- Data extract
--- START ---
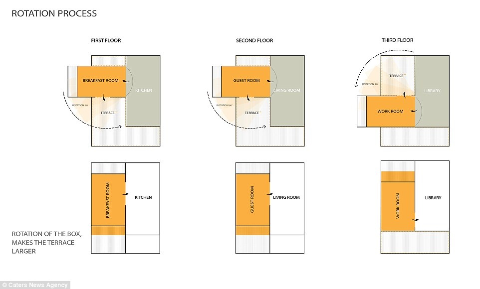 Phòng ăn sáng, phòng ngủ của khách và phòng làm việc có thể quay 90 độ, đồng nghĩa với việc chúng gần như lơ lửng và hướng ra đường.
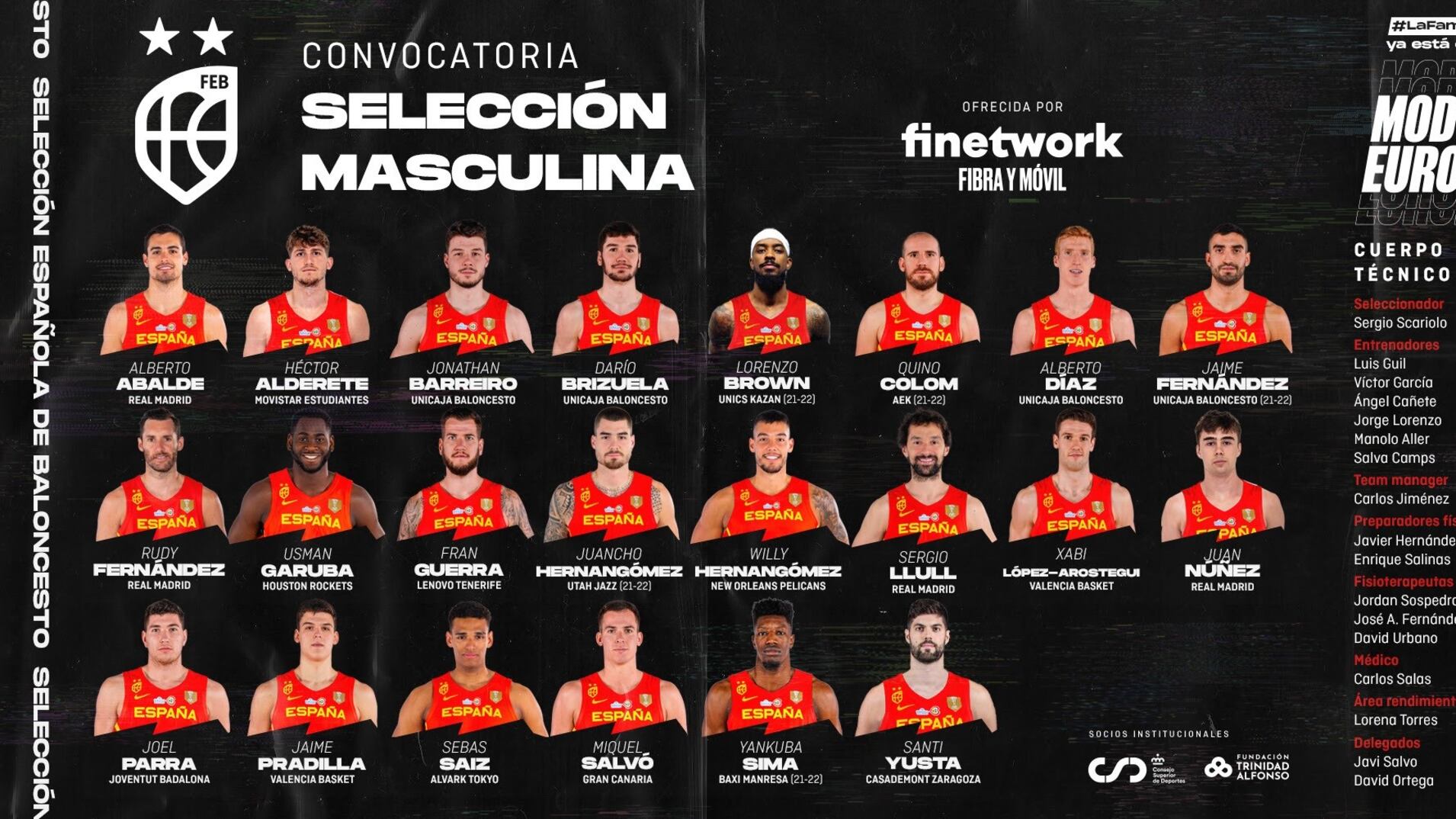 --LISTA DE CONVOCADOS PARA EL EUROBASKET 2022.
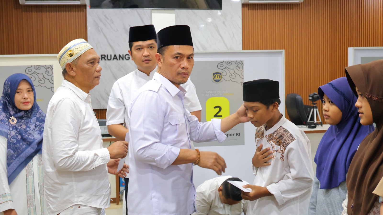 Penyerahan bantuan dan santunan dilakukan oleh Kepala Kantor Imigrasi Kelas I Non TPI Serang, I Gusti Agung Komang Artawan bersama perwakilan Kantor Wilayah Direktorat Jenderal Imigrasi Banten serta Dharma Wanita Persatuan Kantor Imigrasi Kelas I Non TPI Serang. Kegiatan kemudian dilanjutkan dengan tausiyah agama, tahlil bersama, dan doa sebelum memasuki waktu berbuka puasa.
--- END ---
- What is expected
Quote the full listing above word for word; exclude every picture from the copy.

- Exercise answer
 Phòng ăn sáng, phòng ngủ của khách và phòng làm việc có thể quay 90 độ, đồng nghĩa với việc chúng gần như lơ lửng và hướng ra đường.
 --LISTA DE CONVOCADOS PARA EL EUROBASKET 2022.
 Penyerahan bantuan dan santunan dilakukan oleh Kepala Kantor Imigrasi Kelas I Non TPI Serang, I Gusti Agung Komang Artawan bersama perwakilan Kantor Wilayah Direktorat Jenderal Imigrasi Banten serta Dharma Wanita Persatuan Kantor Imigrasi Kelas I Non TPI Serang. Kegiatan kemudian dilanjutkan dengan tausiyah agama, tahlil bersama, dan doa sebelum memasuki waktu berbuka puasa.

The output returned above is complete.